▸ **EXERCISE INSTRUCTIONS**:
Search the data below for the word "collection" and report how many lines contain it. Nothing but the number is needed.

[Stored data entries]
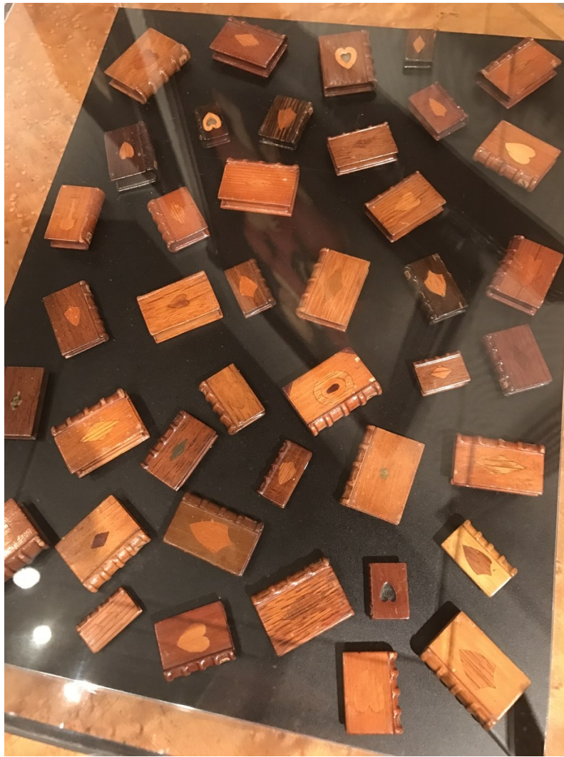
A collection of 41 tiny book-shaped whimsies.

A collection of 41 tiny book-shaped whimsies, made in America in the mid- to late 19th century. The largest measures only 1.5 inches by 1 3/16 inches by 3/8 inches.
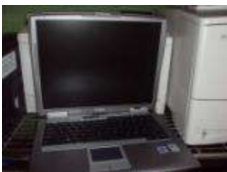
#156 – lot of 4 laptops
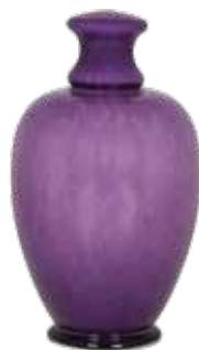
Amphora Violet 3PR303 Elegant and distinctive handblown glass urn in shades of violet
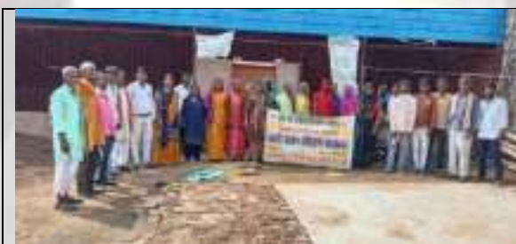
Capacity building on goat rearing
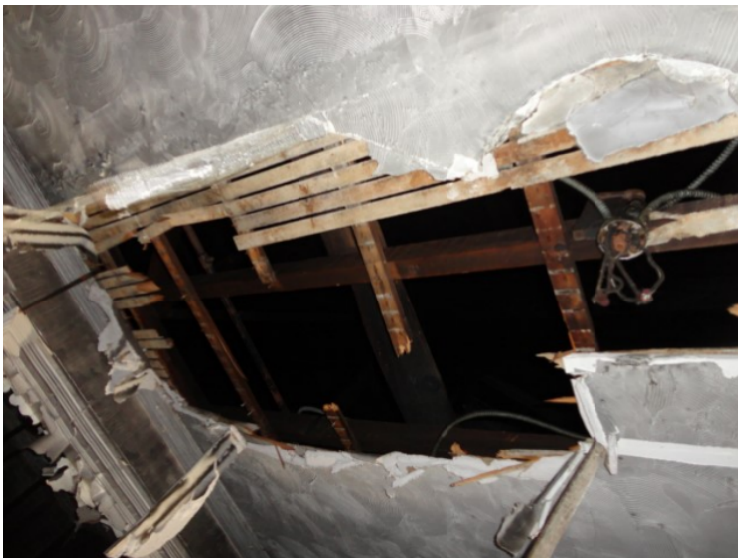
296 Sheridan Ave 07.JPG
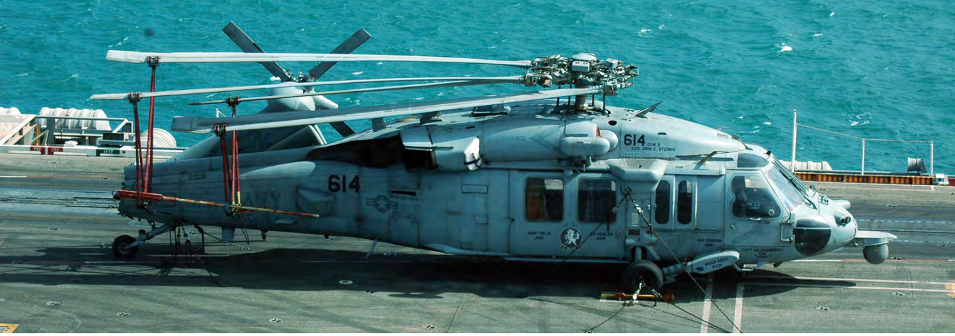
MH-60S 168553/NG-614 is part of the helicopter complement of CVW-9, operated by HSC-14 "Chargers". The other helicopter squadron embarked is HSM-71, which operates the MH-60R.

On board USS Mobile Bay were HSM-71 MH-60Rs 168133/702 and 167007/712 (not coded NG).
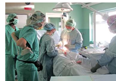
Surgical hand scrubbing for OTs, Clinics & Patients wards
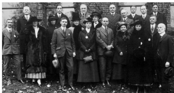
The AAVSO seventh annual meeting at Harvard College Observatory, 23 November 1918.
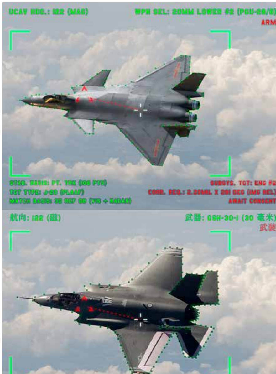
Figure 1. Dealer's choice: Mock-up graphics of computer vision for a sixth-generation approach. (USAF stock image of F-35A in flight and author's rendered image of J-20 using royalty-free 3D model purchased at TurboSquid, http://www.turbosquid.com/FullPreview/Index.cfm/ID/745460 . The author edited both images to illustrate basic object detection, recognition, and tracking principles inherent in the field of computer vision.)

▸ **RESPONSE**:
2